Contemporary art embraces Objet 3D technology


The art world is starting to realise the potential of 3D printing technologies to create unconventional and innovative pieces of work.

Blazing the trail in this respect is Maria Fernanda Cardoso, with her extraordinary exhibition: It’s Not The Size That Matters It Is Shape.

The exhibition showcases a collection of miniature sculptures, electromicroscopic
photographs and digital drawings of the reproductive organs of various insects, spiders and other creepy-crawlies.

Maria is well known for her unconventional use of materials and her ability to embrace new technology, her work is exhibited in major museums and galleries in the Australia, US, Latin America, Europe.

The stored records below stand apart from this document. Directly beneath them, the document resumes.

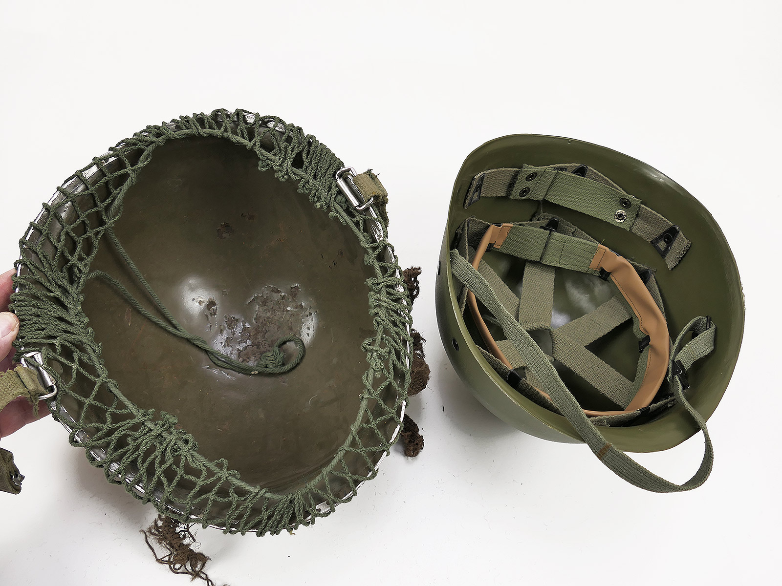 with modern shell and post-war plastic liner / helmet net / camouflage material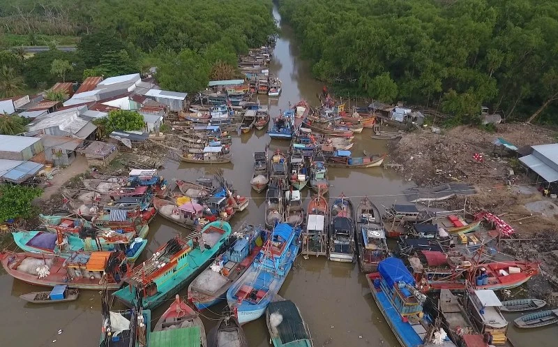 Tàu đang vào nơi trú ẩn ở huyện Trần Đề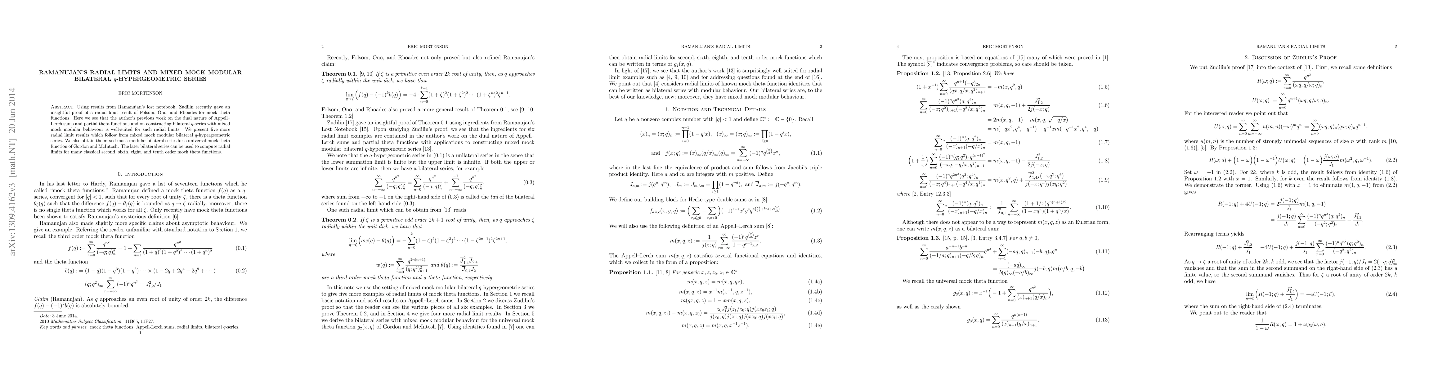 Summary: The paper extends Zudilin's proof of radial limit results for mock theta functions using Ramanujan's lost notebook insights. It introduces five new radial limit results derived from mixed mock modular bilateral $q$-hypergeometric series and computes a universal mixed mock modular bilateral series for classical second, sixth, eighth, and tenth order mock theta functions.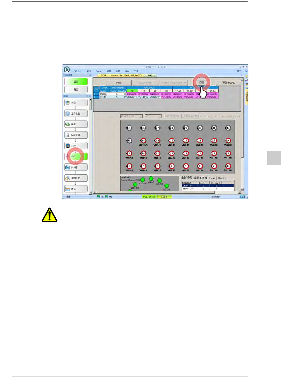 13-39 生产 13.6.3. 修改吸嘴配置 在设备修改已打开的 PCB 程序的吸 嘴配置的方法如下。 STEP1. 在 In-line T -OLP 单击 <ANC> 按钮后选择需要修改吸嘴配置的设备, 然后单 击 < 变更 > 按钮。 注意 如果没有被设置成使用 ‘ 互斥控制 ’ 功能, 则不能修改吸嘴配置信 息。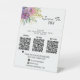 Aquarelle rehaussée d'énergie FLORAL ROSE BLEU PURPLE FLEURS MAROON SUR Tente de table BLANCHE en utilisant le code QR pour le paiement.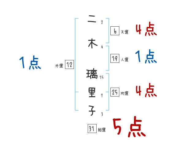 天運![]() | 二木璃里子さんの天運は6画の4つ星!慎重な努力家で信頼を得る。誠実な精神で向上心に優れる。 家系が持つ宿命的な運勢を表します。祖先から受け継いだ苗字ですので自分の力が及びません。家柄を象徴します。 |

“We think we have seen it all … we are wrong,” says Maria Fernanda, or better known as Professor Cardoso.

With an eye for the small and the unusual, her artworks of snail, fleas, weevil, mite, harvestman and microbat genitalia have been transformed into a landscape of investigative awe and wonder.

The Microsculptures, printed by Formero’s Objet 3-D technology have been described as complex and intricate organic and formally beautiful objects, a technological, scientific and artistic feat presented for the first time to the public to admire.

Formero, a company specialising in rapid prototyping and custom manufacturing has pioneered the rapid prototyping industry in Australia.

The first to introduce Objet’s 3D printing using PolyJet matrix technology that enables the printing of parts with physical and mechanical properties previously unobtainable.

This technology was perfect for recreating the incredible shapes, intricate details and complex geometries of the various species Maria exhibited.

Maria Fernanda Cardoso is currently represented by Grantpirrie Gallery in Sydney and ARC ONE in Melbourne.